The Identity Problem Is Solved. The Trust Problem Isn't.
There's a wave of new protocols solving agent identity. Agents get cryptographic keys, sign their requests, prove who they are without pre-registration or shared secrets. This is good work and it's needed — bearer tokens and API keys were never designed for autonomous software making decisions on your behalf.
But here's what we keep seeing in production: an authenticated agent is not a trusted agent.
Identity answers "who is this?" Trust answers "what should this agent be allowed to do, right now, with this amount, to this recipient?"
If you're building a chatbot that calls APIs, identity is enough. If you're building an agent that moves money, it's not even close.
The Gap: What Happens After Authentication
Consider an agent that's been fully authenticated — valid cryptographic identity, signed request, proof-of-possession confirmed. The agent is who it says it is. Now it wants to initiate a $50,000 payment to a company in Dubai.
What does your authentication layer tell you about whether this should proceed?
Nothing. Authentication is binary. You're verified or you're not. But the real questions are graduated:
- Has this agent earned the right to make transactions of this size? A new agent shouldn't have the same spending authority as one that's completed 10,000 successful transactions.
- Is the recipient on a sanctions list? OFAC, EU, UK — there are thousands of sanctioned entities. Your identity layer doesn't screen them.

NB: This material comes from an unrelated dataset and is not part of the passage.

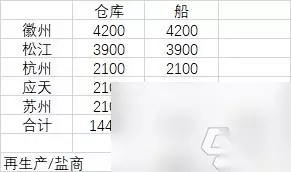 囤货方式: 趁着累消把徽州仓库升到了4200(6个仓库升四级,再加两个砖砌仓库); 应天苏州需要输出特产,不安排船存货,剩下的三个城市一条船拉满,互相运。
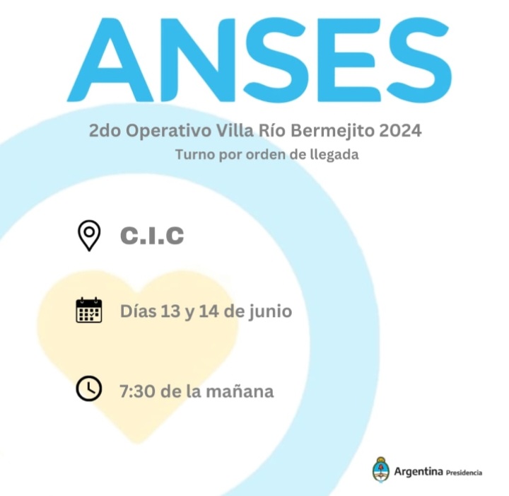 El jueves 13 y viernes 14 de junio se realizará un nuevo operativo de ANSES en la localidad gracias al esfuerzo y compromiso de Capi Rodriguez jefe Regional de ANSES.

- Has this agent exceeded its daily limit? Even trusted agents need guardrails.
- Can we kill this agent instantly if something goes wrong? Not revoke its certificate in 24 hours. Kill it now.
- Is the message itself untampered? Not just the transport — the actual JSON-RPC payload inside the MCP envelope.
Trust Levels: L0 Through L4
We've been building this at CyberSecAI for the past year, and the model that works in practice is graduated trust levels:
| Level | Label | What It Means |
|---|---|---|
| L0 | Untrusted | Identified but cannot transact. Read-only. |
| L1 | Restricted | Micro-payments only. $10/tx, $50/day. |
| L2 | Standard | Normal transactions within limits. |
| L3 | Elevated | High-value transactions. Additional monitoring. |
| L4 | Full Access | Maximum authority. Every transaction audited. |
New agents start at L0. They earn trust through verified identity, successful transactions, and time. Trust can be revoked instantly — not through certificate expiry, but through a kill switch that takes effect on the next request.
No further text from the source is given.